━━ Data records

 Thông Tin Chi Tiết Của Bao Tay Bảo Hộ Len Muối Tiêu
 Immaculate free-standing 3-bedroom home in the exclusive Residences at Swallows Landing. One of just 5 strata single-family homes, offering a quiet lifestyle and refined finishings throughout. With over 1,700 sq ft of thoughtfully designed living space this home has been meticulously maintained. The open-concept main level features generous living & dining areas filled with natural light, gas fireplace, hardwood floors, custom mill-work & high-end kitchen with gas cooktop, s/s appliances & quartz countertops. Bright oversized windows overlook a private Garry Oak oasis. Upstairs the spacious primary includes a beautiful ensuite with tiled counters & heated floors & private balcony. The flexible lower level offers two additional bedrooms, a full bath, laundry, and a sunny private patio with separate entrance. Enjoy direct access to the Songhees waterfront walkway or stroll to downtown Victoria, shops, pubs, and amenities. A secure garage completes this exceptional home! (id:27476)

━━━━
━━ Data records

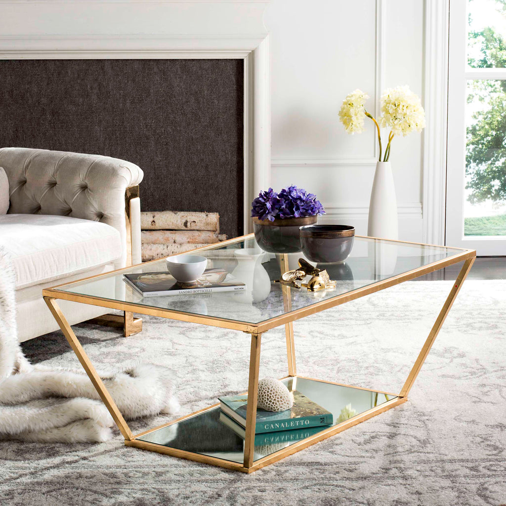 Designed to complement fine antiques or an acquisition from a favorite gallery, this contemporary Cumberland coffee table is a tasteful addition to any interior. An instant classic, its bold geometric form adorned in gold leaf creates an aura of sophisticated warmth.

━━━━
━━ Data records

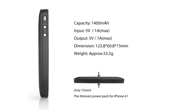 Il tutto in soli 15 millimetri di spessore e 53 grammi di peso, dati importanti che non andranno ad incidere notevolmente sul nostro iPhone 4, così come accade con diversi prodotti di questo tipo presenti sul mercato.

━━━━

What you have to do -
Looking at the data above, write out exactly the lines that start at the one containing "Thông Tin Chi" and end at the one containing "Immaculate free-standing 3-bedroom"; include both and nothing beyond.

Finished exercise -
 Thông Tin Chi Tiết Của Bao Tay Bảo Hộ Len Muối Tiêu
 Immaculate free-standing 3-bedroom home in the exclusive Residences at Swallows Landing. One of just 5 strata single-family homes, offering a quiet lifestyle and refined finishings throughout. With over 1,700 sq ft of thoughtfully designed living space this home has been meticulously maintained. The open-concept main level features generous living & dining areas filled with natural light, gas fireplace, hardwood floors, custom mill-work & high-end kitchen with gas cooktop, s/s appliances & quartz countertops. Bright oversized windows overlook a private Garry Oak oasis. Upstairs the spacious primary includes a beautiful ensuite with tiled counters & heated floors & private balcony. The flexible lower level offers two additional bedrooms, a full bath, laundry, and a sunny private patio with separate entrance. Enjoy direct access to the Songhees waterfront walkway or stroll to downtown Victoria, shops, pubs, and amenities. A secure garage completes this exceptional home! (id:27476)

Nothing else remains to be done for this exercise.